Brewer's: Gargantuan

Enormous, inordinate, great beyond all limits. It needed 900 ells of Châtelleraut linen to make the body of his shirt, and 200 more for the gussets; for his shoes 406 ells of blue and crimson velvet were required, and 1,100 cow-hides for the soles. He could play 207 different games, picked his teeth with an elephant's tusk, and did everything in the same “large way.”

“It sounded like a Gargantuan order for a dram.” —The Standard.

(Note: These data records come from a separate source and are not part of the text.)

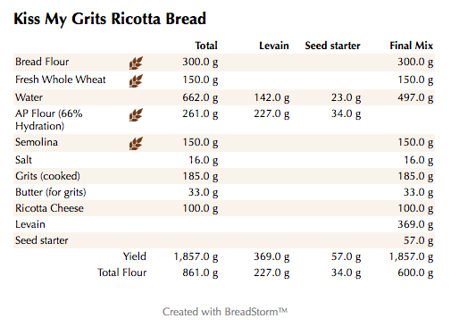 I used my trusty AP starter and added some freshly ground whole wheat flour and some Bob’s Red Mill Semolina along with KAF Bread flour. I did not calculate the water used in the grits into the overall hydration but it definitely affected the final dough which was a little wet but more than manageable after a couple of stretch and folds.
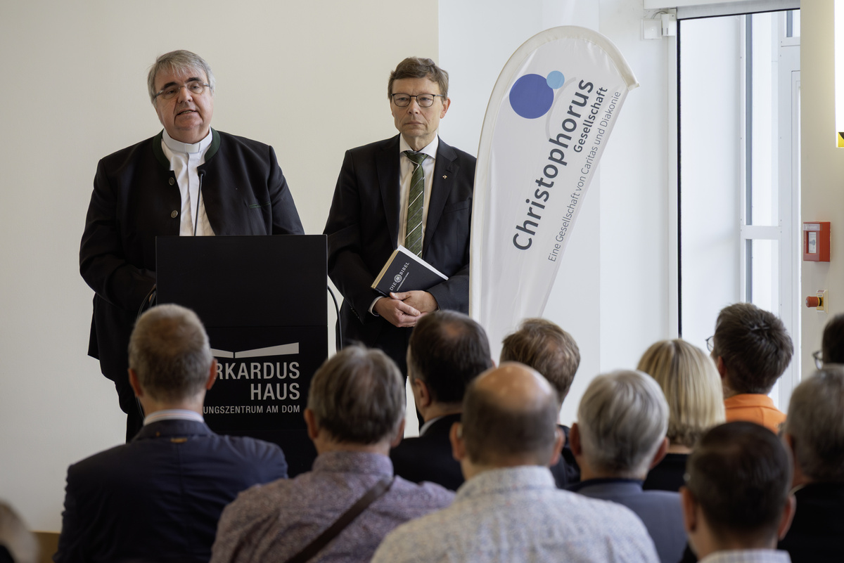 Domkapitular Clemens Bieber, Vorsitzender des Diözesan-Caritasverbandes, und Dekan Dr. Wenrich Slenczka, machten in ökumenischer Verbundenheit deutlich, in wessen Geist und aus welchen Quellen heraus die Christophorus-Gesellschaft seit 25 Jahren ihren Dienst erbringt. „Wir leben in einer Hochglanzgesellschaft“, so Dekan Slenczka "und vergessen dabei oftmals die am Rande." Sich ihnen zuzuwenden bringe erst den göttlichen Glanz in die Welt. Bieber unterstrich den Auftrag, im Geiste Jesu ein Segen für die Menschen zu sein.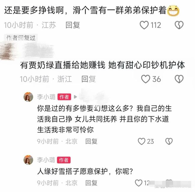 看到女儿承受了这么多压力,李小璐也很心疼,在社交平台上鼓励女儿。网友说甜馨遭受的谩骂都是因为李小璐这个母亲导致的,李小璐也丝毫不受道德绑架,回答“是你造成的。”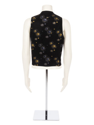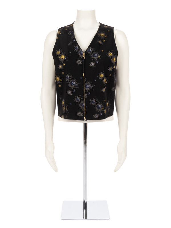 Black knit vest with blue and yellow swirl pattern and front zip closure.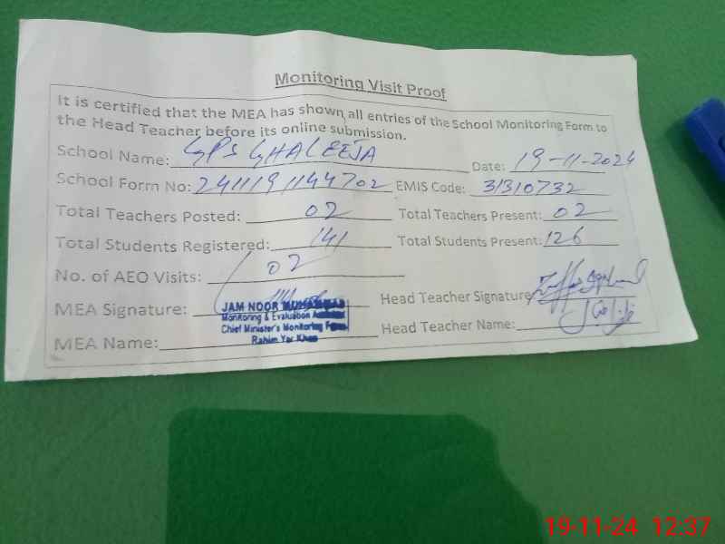 | EMIS Code: 31310732 | Name of School: GPS GHALEEJA | |||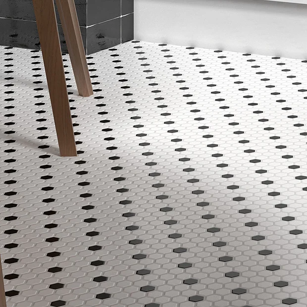 Add character to your kitchen or bathroom with the Ashford hexagon black and white mosaic tiles. It’s striking design can be used on walls or floors. Made from durable porcelain, these attractive tiles have a mixed finish.

A Gargantuan course of studies. A course including all languages, as well ancient as modern, all the sciences, all the -ologies and -onomies, together with calisthenics and athletic sports. Gargantua wrote to his son Pantagruel, commanding him to learn Greek, Latin, Chaldaic, Arabic; all history, geometry, arithmetic, and music; astronomy and natural philosophy, so that “there be not a river in all the world thou dost not know the name of, and nature of all its fishes; all the fowls of the air; all the several kinds of shrubs and herbs; all the metals hid in the bowels of the earth; with all gems and precious stones. I would furthermore have thee study the Talmudists and Cabalists, and get a perfect knowledge of man. In brief, I would have thee a bottomless pit of all knowledge.” (Rabelais: Pantagruel, book ii. 8.)